_INPUT DATA_:
▬▬▬
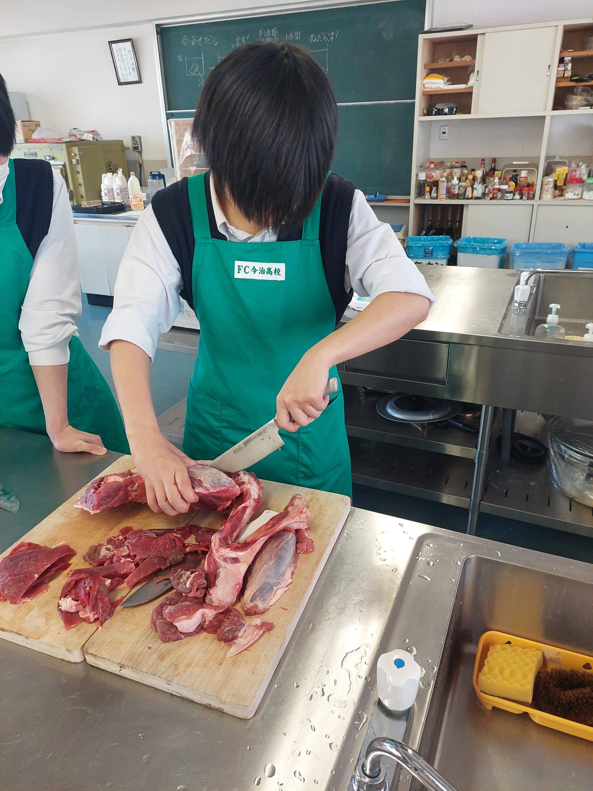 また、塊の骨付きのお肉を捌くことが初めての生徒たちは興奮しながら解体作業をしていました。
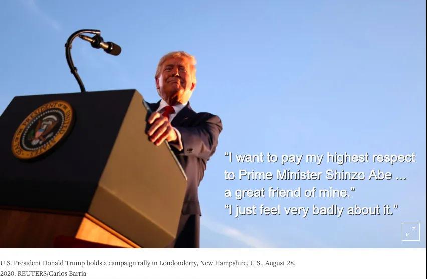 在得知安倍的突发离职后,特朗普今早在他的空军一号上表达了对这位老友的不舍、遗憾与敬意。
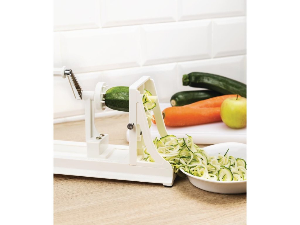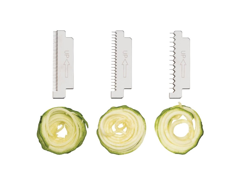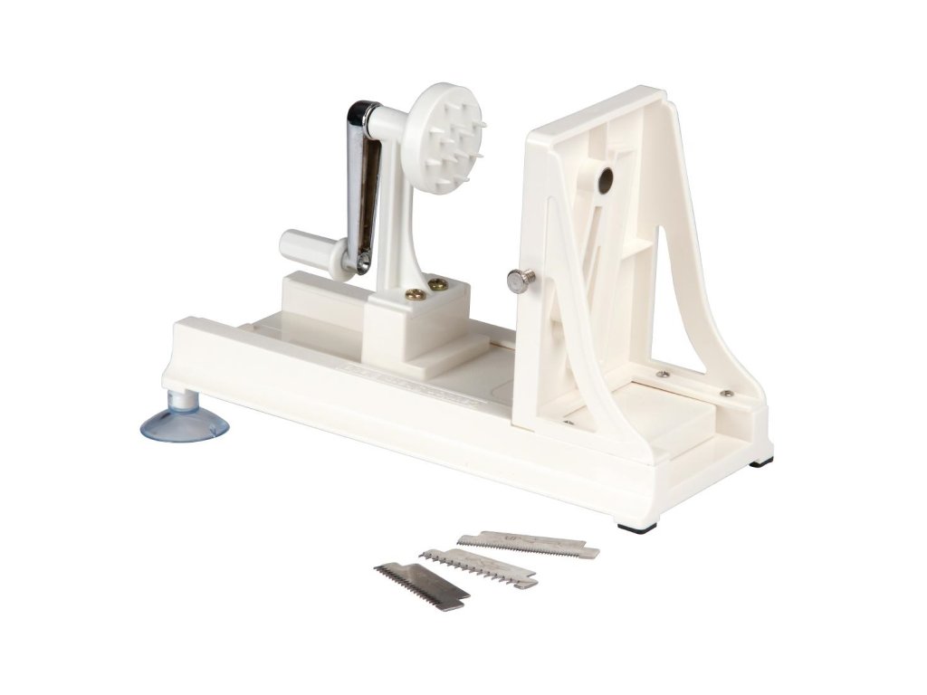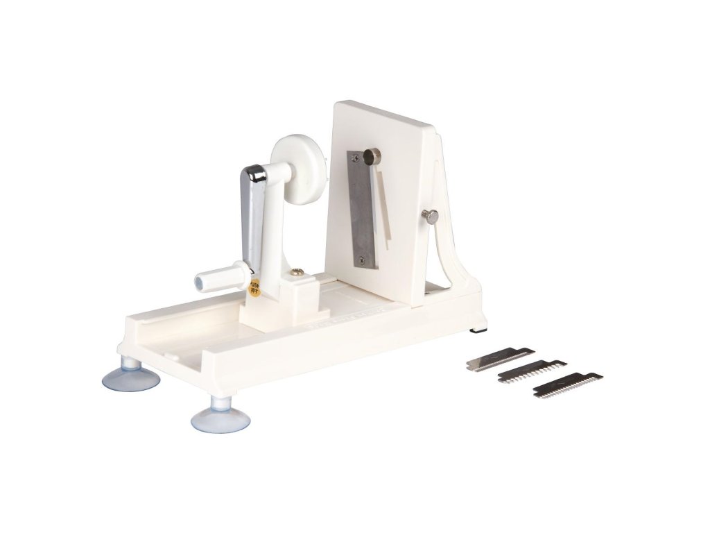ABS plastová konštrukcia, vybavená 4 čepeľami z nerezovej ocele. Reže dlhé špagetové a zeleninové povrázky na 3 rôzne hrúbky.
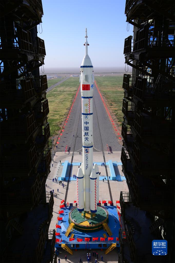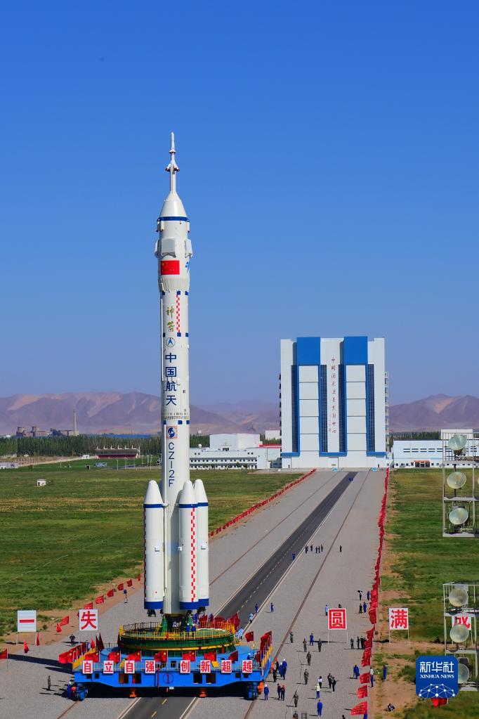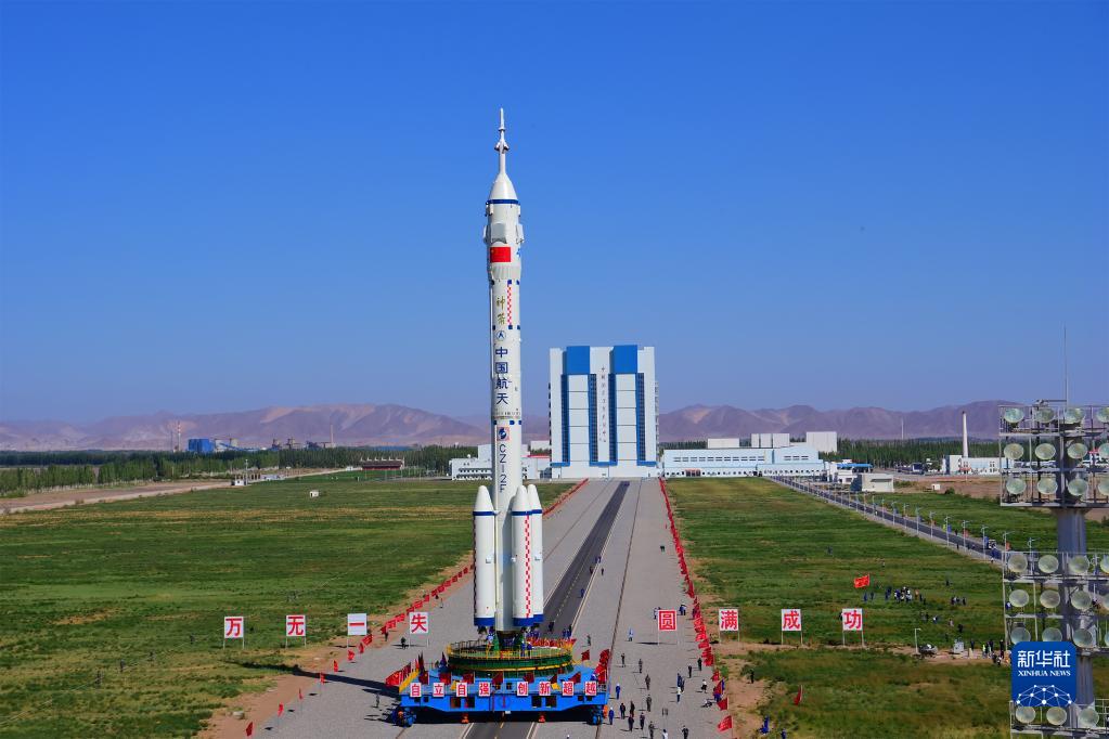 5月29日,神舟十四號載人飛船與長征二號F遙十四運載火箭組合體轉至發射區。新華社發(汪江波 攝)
▬▬▬
_PROBLEM REQUIREMENTS_: Exclude the images, then output the data above word for word.

_TASK ANSWER_:
 また、塊の骨付きのお肉を捌くことが初めての生徒たちは興奮しながら解体作業をしていました。
 在得知安倍的突发离职后,特朗普今早在他的空军一号上表达了对这位老友的不舍、遗憾与敬意。
ABS plastová konštrukcia, vybavená 4 čepeľami z nerezovej ocele. Reže dlhé špagetové a zeleninové povrázky na 3 rôzne hrúbky.
 5月29日,神舟十四號載人飛船與長征二號F遙十四運載火箭組合體轉至發射區。新華社發(汪江波 攝)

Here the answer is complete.